Neeraj Goswami's meditative symbolism
Neeraj Goswami's canvases reaffirm his brilliance as an artist of rare timbre and compositional classicism. Goswami is a voracious reader and his work is born of contemplative idioms. In his early years in the 1990s he would speak of Kant's empirical analysis and philosophy. 'Kant wrote that reason itself is structured with forms of experience and categories that give a phenomenal and logical structure to any possible object of empirical experience.' But when we speak of the transitions in art these categories cannot be circumvented to get at a mind-independent world, but they are necessary for experiencing their natural behaviour and logical properties.
Bhraman a stroll in red space is about the treatment of the form. It brings on the fascinating facet of transcendental meditation and the underlying harmony of empirical experience. The second work is Musical Float. In both these works we see a certain sophistication of quietude, an intuitive intent, that tells us that the artist's gaze can be one of admiration and appreciation and deep attention to details. Goswami has over the past 40 years presented the allure of gesture as well as the perfection of poise in his manner of fusing form and colour in prismatic indices to tell us that the human form is an enduring and eternal form which is also deeply powerful as a visual lexicon. The manner of divisional dynamics as well as the fragmentary felicity both become imperative studies in precious observations in the hands of this contemporary master.

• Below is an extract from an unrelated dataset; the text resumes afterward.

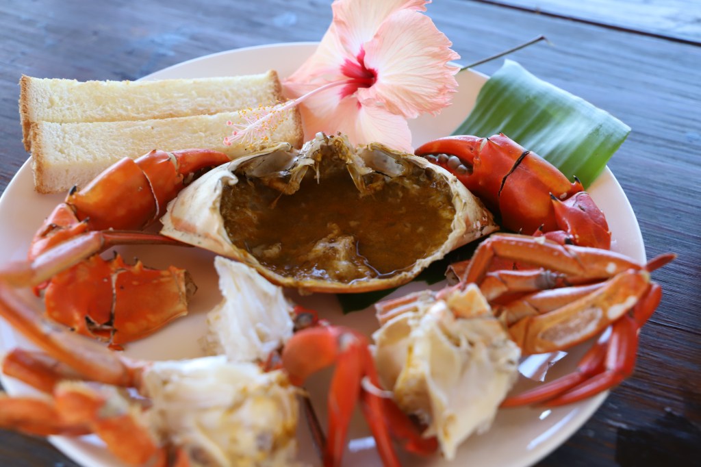 甘く濃厚な旨みがおいしいマングローブガニ。伊良部島の『蟹蔵』で食べることができます。ボイルだけではなく、マングローブガニを使った料理がコースで提供されます。これまたおいしい!要予約です。

Nandan Purkayastha's earthsongs
Detailed and stylistically nuanced the canvasses of Nandan Purkayastha are an integration of a contemplative practice of drawing from imagination as well as his own proficiency in techniques of controlled contours within the frame of his own fantasia. Botanica and The Eternal Cosmos are two top notch creations that grab your gaze for form and fervour. These two canvasses exhibit the arduous labour that entails the cultivation and refinement of his own sensibility. We also observe the totality of an artist's passion for drawing as well as painting muralesque works that celebrate human and ecological hues.Botanical and biological elements come floating into his frames. Humans and animals and birds and textural terrain all flit and swim freely in his aggregation of beings born of the spirit of harmony.
This pair of paintings exudes a visual as well as intellectual vibrancy and attraction which, by far, exceeds their modest scale. Last year during his solo show in Delhi at the Bikaner House, Nandan said:
' Drawing as well as painting for me is more than intuitive as a journey, for me it is a deep rooted quest where my figures of humans as well as animals and birds are not just literal figures, but they are imbued with an essence of being or meaning born of mythological moorings .'
These three artists at Kala Sutra in Singapore, used a configuration of intuitive embellishments, deciphering and adjusting their own observations and experiences into expressive paintings, born of years of thought as well as contemplative idioms.